▶ EXERCISE
Every line of the entries below from the one containing "Black nehru jacket" to the one containing "(2) 用手壓橋上部,使調(diào)節", both ends included, must be written out exactly. No other line belongs in the answer.

[Opening DATA EXTRACTS section]

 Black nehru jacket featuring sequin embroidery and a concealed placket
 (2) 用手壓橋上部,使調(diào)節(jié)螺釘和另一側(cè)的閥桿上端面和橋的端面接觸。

[Closing DATA EXTRACTS section]
[Opening DATA EXTRACTS section]

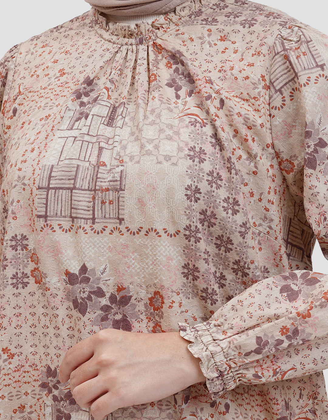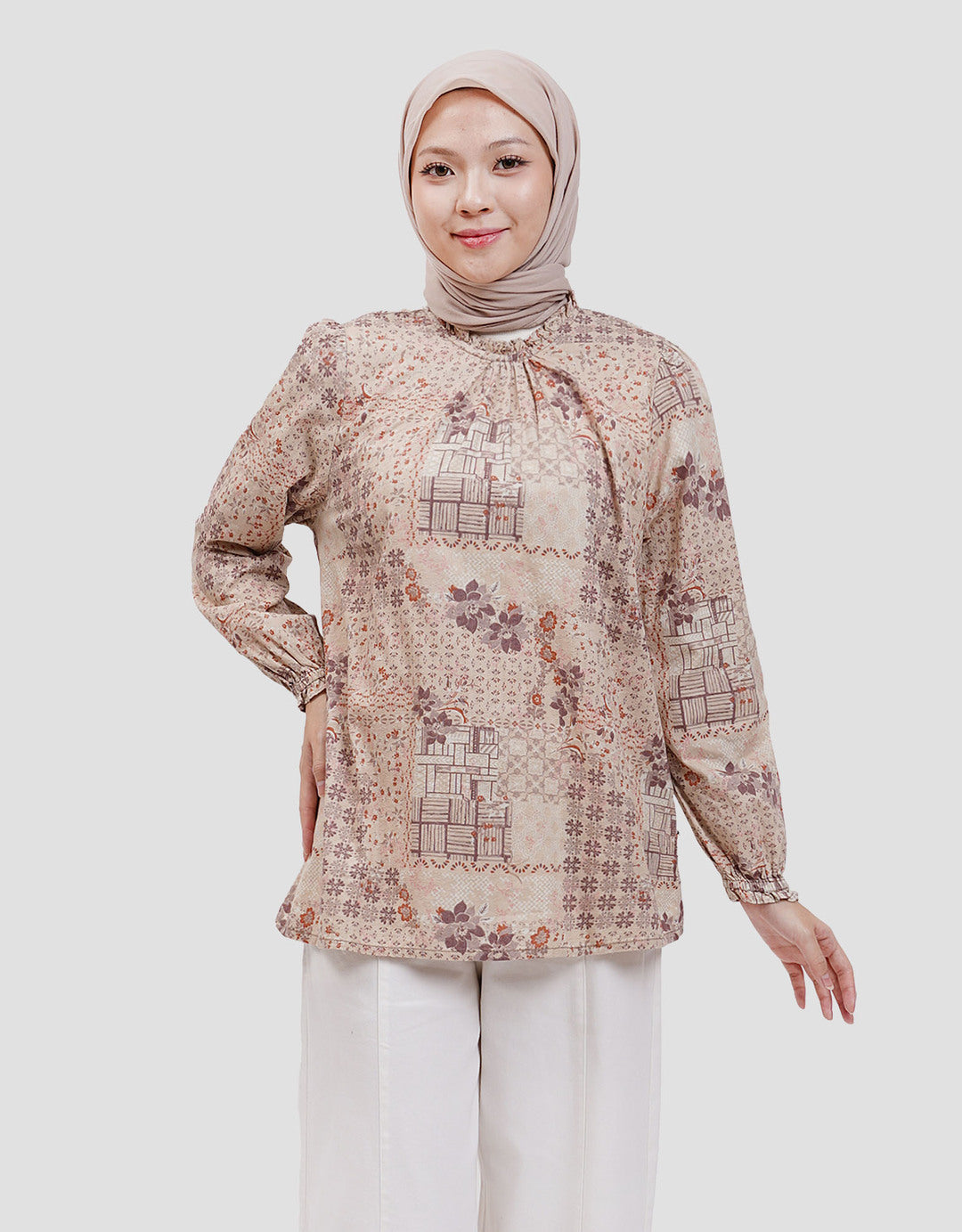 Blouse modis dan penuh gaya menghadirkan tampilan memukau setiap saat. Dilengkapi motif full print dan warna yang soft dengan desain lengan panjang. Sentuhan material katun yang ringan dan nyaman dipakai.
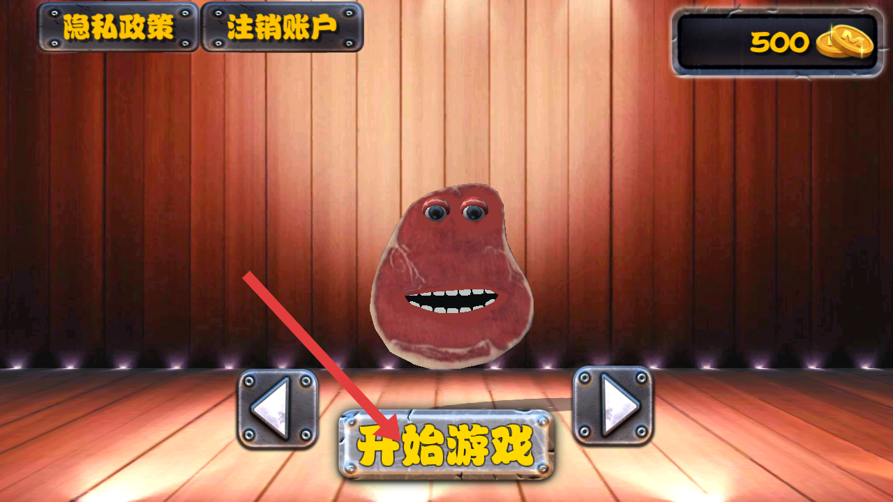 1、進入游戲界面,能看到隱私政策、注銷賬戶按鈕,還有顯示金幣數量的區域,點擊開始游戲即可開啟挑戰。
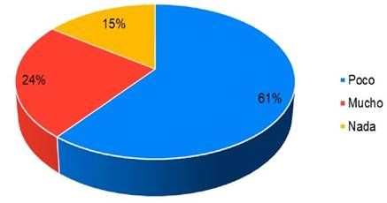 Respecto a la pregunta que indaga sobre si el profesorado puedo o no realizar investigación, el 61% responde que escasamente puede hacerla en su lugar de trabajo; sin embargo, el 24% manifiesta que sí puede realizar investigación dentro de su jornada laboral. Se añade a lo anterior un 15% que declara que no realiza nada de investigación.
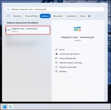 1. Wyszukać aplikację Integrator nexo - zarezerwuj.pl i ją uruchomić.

[Closing DATA EXTRACTS section]

▶ REPLY TO THE EXERCISE
 Black nehru jacket featuring sequin embroidery and a concealed placket
 (2) 用手壓橋上部,使調(diào)節(jié)螺釘和另一側(cè)的閥桿上端面和橋的端面接觸。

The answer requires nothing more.